Bacterial pneumonias developed a week, two weeks, three weeks after someone came down with influenza, including even a seemingly mild case of influenza. Often influenza victims seemed to recover, even returned to work, then suddenly collapsed again with bacterial pneumonia.
It is impossible to know what percentage of the dead were killed by a viral pneumonia and ARDS and how many died from bacterial pneumonias. Generally speaking, epidemiologists and historians who have written about this pandemic have assumed that the overwhelming majority of deaths came from secondary invaders, from bacterial pneumonias that can be fought with antibiotics.
The conclusion of the army's pneumonia commission, however, is chilling in terms of implications for today. This commission, comprised of half a dozen of the finest scientists in America, both conducted autopsies and reviewed pathology reports of others; it found signs of what would today be called ARDS in almost half the autopsies. A separate study limited to the pathology of the disease, conducted by Milton Winternitz, a Welch protegé and later dean of the Yale Medical School, reached the same conclusion.
That overstates the proportion of victims who died from ARDS (in effect from influenzal viral pneumonia) because the army study looked only at deaths among soldiers, men who were young and otherwise healthy, the group most likely to have been killed by their own immune systems. In the total population, viral pneumonias and ARDS would not account for as high a percentage of the deaths. Most deaths almost certainly did come from secondary bacterial infections, but probably not quite so many as has been assumed. That should, however, be small comfort for those who worry about the next influenza pandemic.
The 1957 pandemic struck in the golden age of antibiotics, but even then just 25 percent of the fatalities had viral pneumonia only; three-quarters of the deaths came from complications, generally bacterial pneumonia. Since then bacterial resistance has become a major problem in medicine. Today the mortality rate for a bacterial pneumonia following influenza is still roughly 7 percent, and in some parts of the United States, 35 percent of pneumococcal infections are resistant to the antibiotic of choice. When staphylococcus aureus, a bacterium that has become particularly troubling in hospitals because of its resistance to antibiotics, is the secondary invader, the death rate (today) rises to as high as 42 percent. That is higher than the general death rate from bacterial pneumonias in 1918.
Part VII
THE RACE
CHAPTER TWENTY-TWO
N
ATURE CHOSE
to rage in 1918, and it chose the form of the influenza virus in which to do it. This meant that nature first crept upon the world in familiar, almost comic, form. It came in masquerade. Then it pulled down its mask and showed its fleshless bone.

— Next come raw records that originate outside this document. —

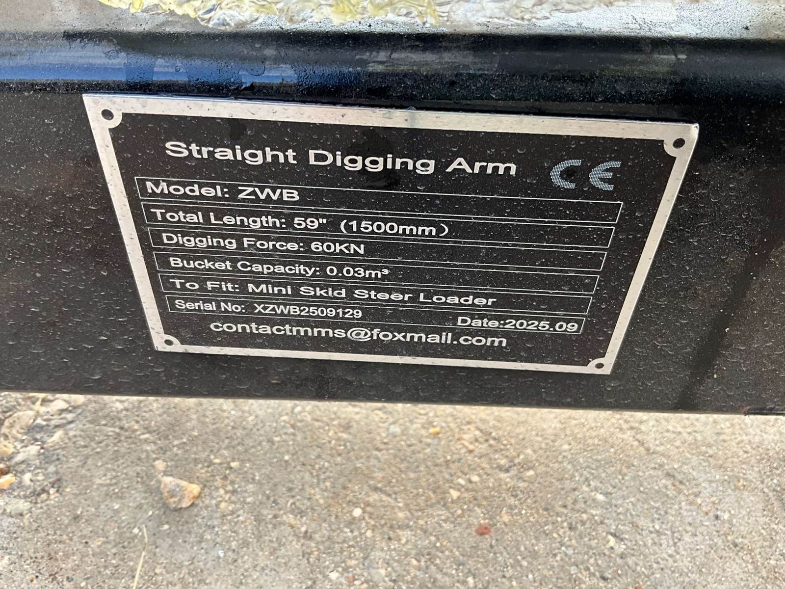 UNUSED BACKHOE, MINI SKID STEER MOUNT, LENGTH 59", BUCKET CAPACITY .03M3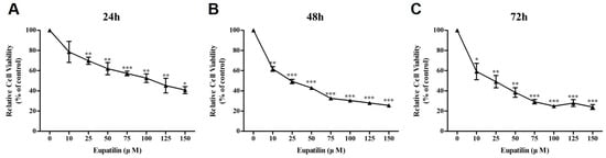 To investigate cell viability, it was measured using the EZ-3000 assay kit (DoGENBIO, Seoul, Republic of Korea). YD-10B cells were seeded at 2 × 104 cells per well in a 96-well plate and cultured for 12 h. Then, eupatilin was treated at concentrations of 10, 25, 50, 75, 100, 125, and 150 μM. The cells were cultured in an incubator at 37 °C and 5% CO2 for 24, 48, and 72 h. After that, 10 μL/well of MTS solution was added to the cell culture medium and reacted in an incubator at 37 °C for 1 h. The absorbance was measured at 450 nm using a microplate reader (Molecular Devices, Sunnydale, CA, USA).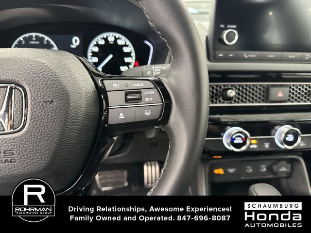 Step inside the Civic Sport and you'll be greeted by a well-appointed interior that prioritizes both comfort and technology. The cloth/leatherette seating surfaces offer a premium feel, while the leather-wrapped steering wheel and shift knob add a touch of sophistication. The 8-speaker audio system, complete with AM/FM radio, Bluetooth® connectivity, and Apple CarPlay/Android Auto integration, ensures you'll enjoy your favorite music and stay connected on the go.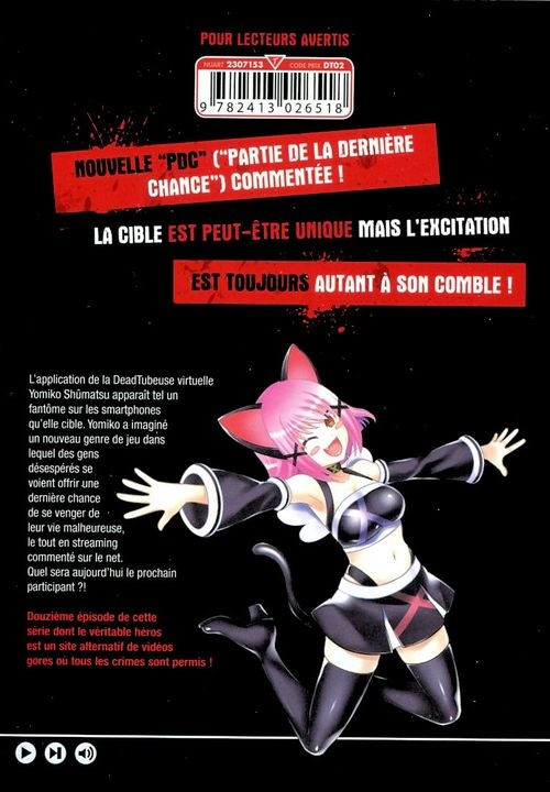 Résumé: Dead Tube. Les jeunes gens n'ont plus que ce nom de site de partage de vidéos à la bouche. En fonction du nombre de vues, il peut rendre n'importe qui incroyablement riche. Mais seules les vidéos les plus trash, les plus humiliantes ou dangereuses intéressent les gens. Accepter d'y participer, c'est prendre le risque de finir dernier et d'endosser tous les crimes réalisés par les autres prétendants. C'est à ce jeu morbide que vont jouer Mai et Tomohiro...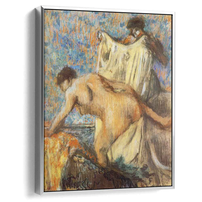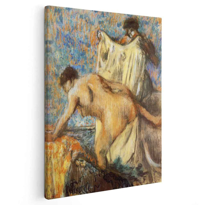 Introducing our stunning canvas print of the timeless masterpiece, Woman Leaving Her Bath, by the legendary French Impressionist artist, Edgar Degas. This captivating artwork depicts a woman wrapped in a white towel, leaving her bath and reaching for a robe. Degas' signature brushstrokes and use of pastel colours bring the scene to life, capturing the intimate moment with a sense of grace and elegance.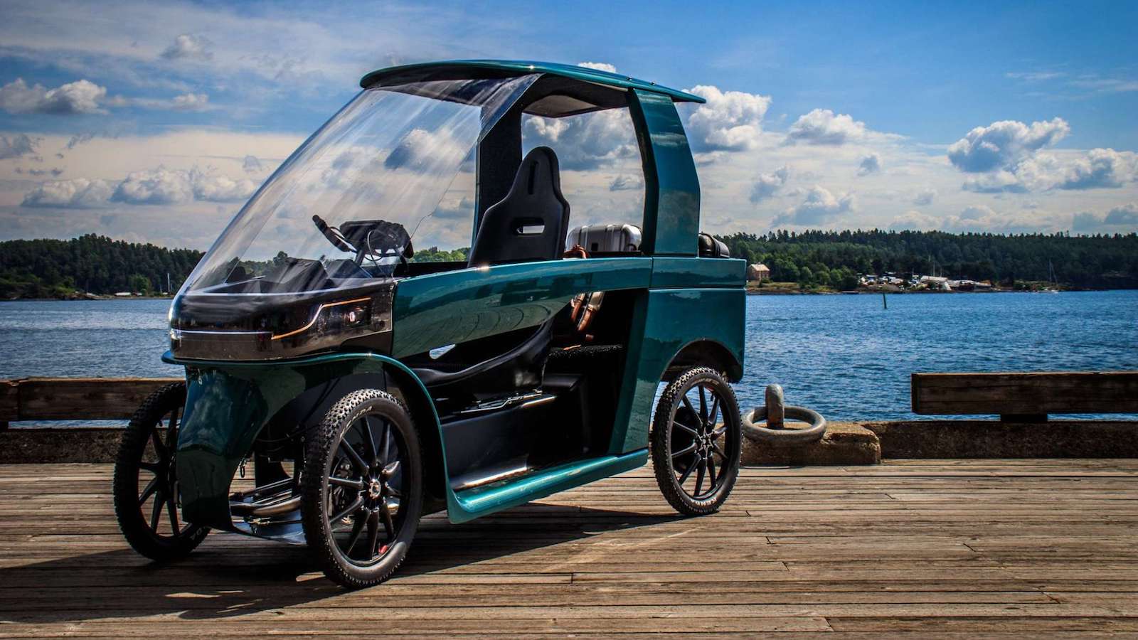 This unique form of transportation looks like a mini car from the exterior but uses an electric battery or pedals for its power.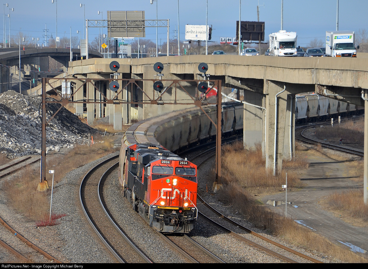 | By MP 6, CN Montreal sub. CN B730 with 152 loads of Potash destined for Saint John, NB is slowly starting to leave Turcot West in Montreal after changing crews as it passes milepost 6 of CN's Montreal sub. Power is a trio of ES44AC's, with CN 2934 & CN 2812 at the head end and CN 2940 bringing up the rear. |

Then, as the pathogen spread from cantonments to cities, as it spread within cities, as it moved from city to town to village to farmhouse, medical science began moving as well. It began its own race against the pathogen, moving more rapidly and with more purpose than it ever had.
Scientists did not presume to think that they would or could control this rage of nature. But they did not abandon their search for ways to control the damage of this rage. They still tried to save lives.
Worldwide their struggle, their race, commenced. In the United States that struggle would be fought by Welch, Gorgas, Cole, and their colleagues, as well as by the institutions they had built and the men and women they had trained. Neither these institutions nor these men and women had ever been tested like this. They had never imagined they would be tested like this. But any possibility of affecting the course of the disease lay in their hands.